I know people who got a 195 and low 200s on Step 1 that got into Pathology. The bar is set low unfortunately for a field where one has a serious role in patient care - diagnosing cancer. The stakes are high for a missed diagnosis.

I’ve seen surgpath fellows who couldn’t recognize cancer on a frozen. I’ve had a chairman once tell me he’s had trainees who “didn’t have an eye for pathology”.

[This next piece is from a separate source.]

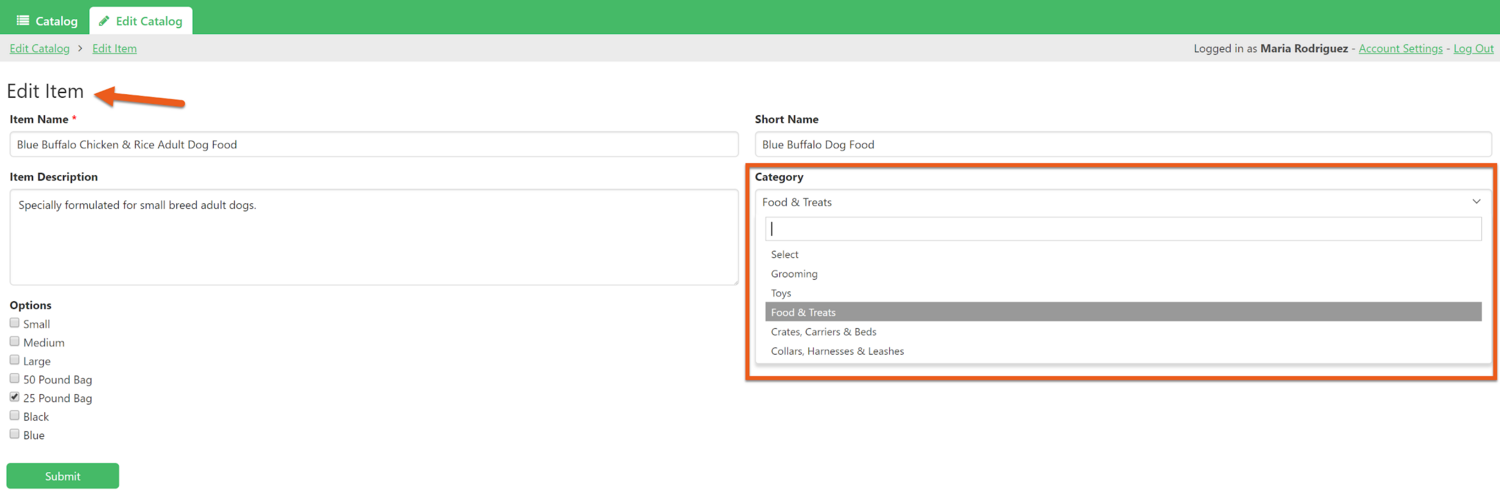 In the Product Catalog demo app, we have tables for Products and Categories . The Category table has only one short text field: Category Name.

Years ago I was affronted and thought it was a waste of time to have two paths sign off on a malignancy. I have changed 180 degrees. In complex cases I think the lack of general ability out there requires a consensus dx with at least SOMEONE who has seen and identified one.
 
Agree- with that academic record he is overqualified for path. Path has become a field for IMGs and bottom-of-the-class types. And I’d argue that even the bottom of the class types, people who failed a step or maybe had to repeat a year of med school or something like that deserve better than what the field of pathology now has to offer. It sounds like he would likely match to a top program in pathology, but I have major doubts about whether it would do him much good. Being a top student/candidate and getting good training won’t be enough to protect him from the dumpster fire that is the pathology job market. If anything, working hard, being a high achiever, getting good training etc will just make him even more bitter once he gets out of training and gets chewed up and spit out. In some ways, I wish I’d just been a C student with bare minimum board scores, bottom tier training etc.. my choice to go into pathology would’ve seemed a little less tragic.

I knew I was going straight to the navy. Only vaguely knew what the match was and and never tried to impress a soul.
Pissed lots of chiefs off cause i’d laugh at them or refuse to kiss their ass. I don’t think this would work as well today. Thank the lord for the USN.